My real test for feeling like they were good swimmers was whether they were comfortable swimming in the ocean with big waves, and I decided they were finally there last year (which is great because that was the year swim team became difficult without the usual pool). But! They have to keep up their skills and have a healthy respect for the water, and I will be sure to emphasize this forever. (Big waves in Lake Michigan, eg, are more dangerous than the same big waves in the ocean; the lack of buoyancy in lakes can be a surprise.) That said, the swim team experience I had as a kid/teen made it so triathlon training for the swim is easy for me as an adult — and swimming is by far my best event. So it’s absolutely a skill that sticks around for life, and I hope my kids continue to swim for exercise as they get older! I will encourage both boys to get lifeguard certified, too.
One thing I tell everyone: I never used any kind of floaties on my kid. Not water wings, not the kind that wrap around the chest. I used coastguard approved life vests when on open water of course, but never an artificial floatation device that gave them “autonomy” in the pool. I wanted them to know they couldn’t swim and that they needed to be with me (and working on swim skills!) or another adult in the water.

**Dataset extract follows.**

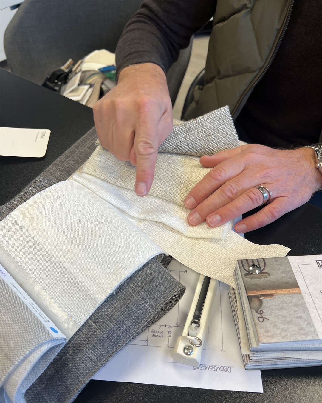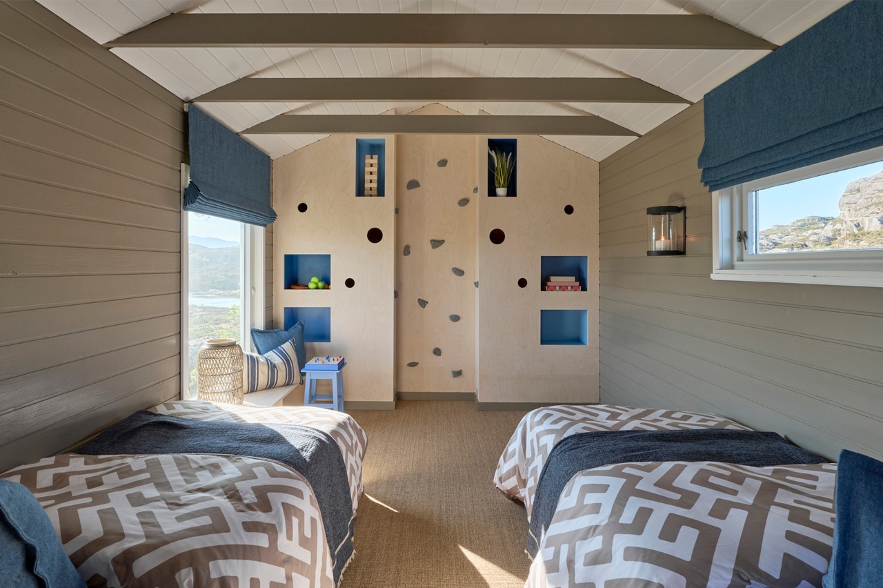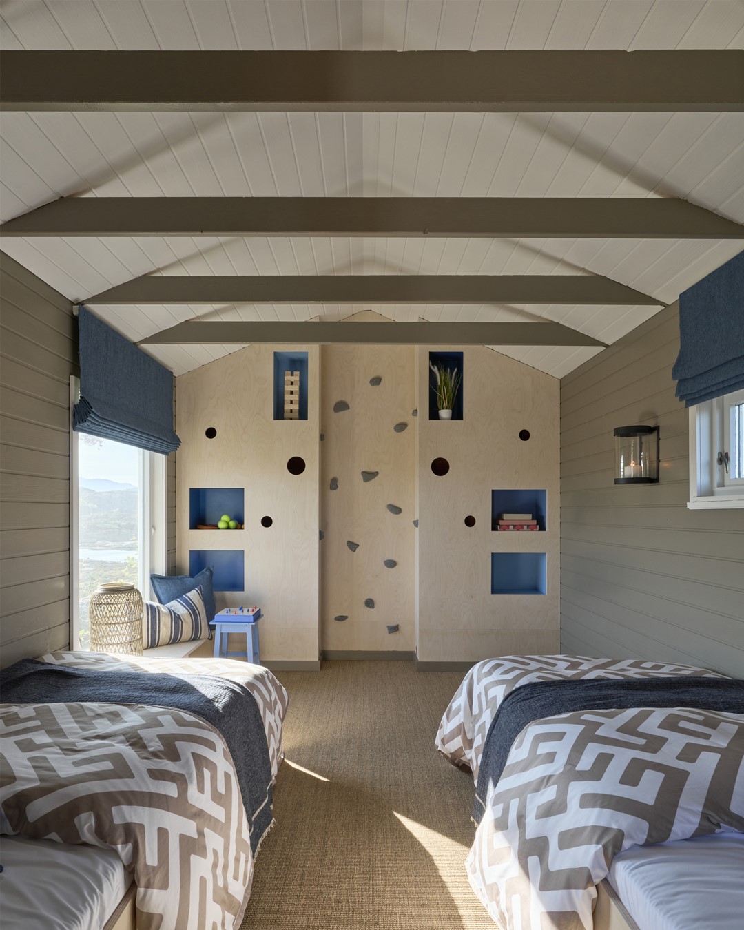 Halvor Bakke & Co oppgraderer hytta i Portør med gardiner, liftgardiner og puter i en mønstermix av nye tekstiler fra Ian Mankin.

Small children don’t fully understand that they can’t swim without the floats, and they will make a bad decision to jump in the water without them because they aren’t capable of understanding that sometimes that’s ok and sometimes it’s not. I’ve seen it happen.
That false sense of security can happen for other reasons, too! When my younger son was about 3 or 4, he jumped into an unfamiliar pool thinking he’d be able to hold onto the side of the pool. Instead of a ledge though, there was a slick 3’ tile wall, so he panicked and had to be pushed to safety. It didn’t help that it was winter and it had been awhile since he’d been swimming, so his skills weren’t automatic. (We were visiting friends in Miami.). The pool edge was a crutch for my kid, and I didn’t even realize it. This is another example of why we always watch the pool.

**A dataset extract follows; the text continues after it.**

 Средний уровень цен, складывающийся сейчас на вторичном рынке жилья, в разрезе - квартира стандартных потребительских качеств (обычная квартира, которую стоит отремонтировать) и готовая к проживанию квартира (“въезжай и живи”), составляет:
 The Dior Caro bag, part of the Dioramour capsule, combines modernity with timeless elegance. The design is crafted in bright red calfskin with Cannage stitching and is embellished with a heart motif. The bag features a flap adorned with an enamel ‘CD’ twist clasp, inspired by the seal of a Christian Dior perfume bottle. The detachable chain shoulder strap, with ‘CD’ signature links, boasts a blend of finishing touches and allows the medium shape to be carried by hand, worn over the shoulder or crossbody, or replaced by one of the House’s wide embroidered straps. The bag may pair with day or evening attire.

My challenge now is when the boys have friends over to swim in our pool. I watch the pool constantly, and I’m sure my older son in particular wishes I wouldn’t, but he understands. We have an automatic pool cover, which does give me peace of mind when we have small children over to the house because I can really secure the pool. But if the cover is open, I’m watching the pool.
Thanks again for posting this!
Oh do I have questions! I have two 8 year olds and we have done many, many swim classes at the Y over four years but they still can’t swim (even doggy paddle)- I’m not sure why it hasn’t all clicked yet. They don’t love putting their faces/heads in or under water, which doesn’t help. Anyway, I can’t figure out what we should do around pools- should they always be in life jackets for their safety, especially given the issues you’ve raised here? Or will they never learn if they are always in life jackets and they should be allowed to use the shallow end under close watch? Also looking for general parenting advice on swimming lessons- should we keep going until they actually learn? Or is it better to just go to open swim once a week as a family until it clicks?